Whale Attacked Off S’ville Dies From Wounds

A young whale that appeared to have been attacked by sharks died off Sihanoukville’s popular Ochateal beach Friday, Fisheries Adminis­tration officials said.

The female calf—which weighed approximately 800 kg and was more than 5 meters in length—was sighted offshore early Friday morning, said Duong Sam Ath, chief of the Sihanoukville office of the Ministry of Agriculture’s Fish­eries Ad­ministration, on Sunday.

“We found a big wound, about 30 cm long, on its tail and very deep,” he said, adding that it was likely killed by sharks after becoming separated from other whales.

He said the whale was probably attacked far offshore, and that sharks do not pose a threat to tourists.

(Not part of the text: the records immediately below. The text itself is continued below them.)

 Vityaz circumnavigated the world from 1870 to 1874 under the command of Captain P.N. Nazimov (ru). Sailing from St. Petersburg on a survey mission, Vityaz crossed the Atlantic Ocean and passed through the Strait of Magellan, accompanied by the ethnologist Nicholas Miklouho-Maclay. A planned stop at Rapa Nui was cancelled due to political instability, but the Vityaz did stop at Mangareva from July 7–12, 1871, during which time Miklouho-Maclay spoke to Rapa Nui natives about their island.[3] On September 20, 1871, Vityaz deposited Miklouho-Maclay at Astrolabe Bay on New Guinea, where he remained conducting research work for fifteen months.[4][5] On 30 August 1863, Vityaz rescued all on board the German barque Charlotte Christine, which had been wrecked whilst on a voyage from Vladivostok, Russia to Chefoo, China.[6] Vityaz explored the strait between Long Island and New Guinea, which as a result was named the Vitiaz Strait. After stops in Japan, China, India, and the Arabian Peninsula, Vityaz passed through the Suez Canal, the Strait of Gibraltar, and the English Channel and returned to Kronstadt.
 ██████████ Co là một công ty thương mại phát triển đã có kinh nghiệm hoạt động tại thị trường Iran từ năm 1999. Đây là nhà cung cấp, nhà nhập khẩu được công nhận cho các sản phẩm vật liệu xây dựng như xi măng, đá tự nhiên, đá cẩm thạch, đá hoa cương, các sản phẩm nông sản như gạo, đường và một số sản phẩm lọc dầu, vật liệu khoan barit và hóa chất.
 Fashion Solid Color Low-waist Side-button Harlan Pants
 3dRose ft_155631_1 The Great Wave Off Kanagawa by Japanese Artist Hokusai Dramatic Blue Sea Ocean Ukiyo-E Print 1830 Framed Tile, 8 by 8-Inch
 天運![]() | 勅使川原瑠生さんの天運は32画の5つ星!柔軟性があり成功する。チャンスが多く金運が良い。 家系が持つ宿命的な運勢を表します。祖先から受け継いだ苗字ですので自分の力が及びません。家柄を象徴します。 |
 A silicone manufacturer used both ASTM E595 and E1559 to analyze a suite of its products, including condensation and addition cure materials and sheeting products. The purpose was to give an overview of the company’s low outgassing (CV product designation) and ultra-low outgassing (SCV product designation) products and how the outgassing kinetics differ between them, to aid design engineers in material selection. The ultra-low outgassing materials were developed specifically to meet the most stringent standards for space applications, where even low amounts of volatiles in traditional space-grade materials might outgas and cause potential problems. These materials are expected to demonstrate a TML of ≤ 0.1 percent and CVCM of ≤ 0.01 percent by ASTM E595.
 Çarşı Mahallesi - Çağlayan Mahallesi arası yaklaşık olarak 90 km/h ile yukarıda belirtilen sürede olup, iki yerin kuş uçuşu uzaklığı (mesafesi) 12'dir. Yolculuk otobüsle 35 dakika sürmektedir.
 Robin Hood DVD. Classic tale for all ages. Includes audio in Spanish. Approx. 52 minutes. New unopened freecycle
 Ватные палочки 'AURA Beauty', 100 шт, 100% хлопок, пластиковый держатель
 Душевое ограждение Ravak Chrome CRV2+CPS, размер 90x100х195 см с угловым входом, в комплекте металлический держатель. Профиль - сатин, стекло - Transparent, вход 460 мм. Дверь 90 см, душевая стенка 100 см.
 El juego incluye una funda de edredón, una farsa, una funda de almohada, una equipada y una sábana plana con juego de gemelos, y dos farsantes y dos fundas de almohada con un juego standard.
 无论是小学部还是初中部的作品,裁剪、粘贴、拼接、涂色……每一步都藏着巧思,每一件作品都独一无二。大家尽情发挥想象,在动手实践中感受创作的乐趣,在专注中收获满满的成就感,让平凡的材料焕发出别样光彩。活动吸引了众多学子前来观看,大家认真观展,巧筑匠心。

Fisheries Admin­istration officials discovered the whale still alive about 50 meters from shore around 7 am Friday. It succumbed to its wounds shortly after, Duong Sam Ath said.

A Fish­eries Admin­istration official who declined to be named said Friday that the whale was definitely attacked by sharks. “Fishermen saw four sharks bite the baby whale,” he said, adding that the anglers told him the whale fled from its attackers into shallow water.

Duong Sam Ath could not specify the whale’s species. However, Touch Seang Tana, an Irrawaddy ri­ver dolphin-preservation official with the Council of Ministers, said that it was possibly a Minke whale.

The Minke feed by filtering water in their mouths rather than hunt and can grow up to 10 meters in length, according to the Whale and Dolphin Con­servation Society. Duong Sam Ath said that, after ex­­piring, the whale was hauled ashore by fishermen and butch­ered for food.

Once villagers had carved most of the meat off the carcass, fisheries officials took the carcass to the pro­vincial agriculture department compound, he said.

Duong Sam Ath said he has plans for the remains. “I am going to ask permission from the Fish­eries Admin­istration to display the ske­l­eton in the future,” he said.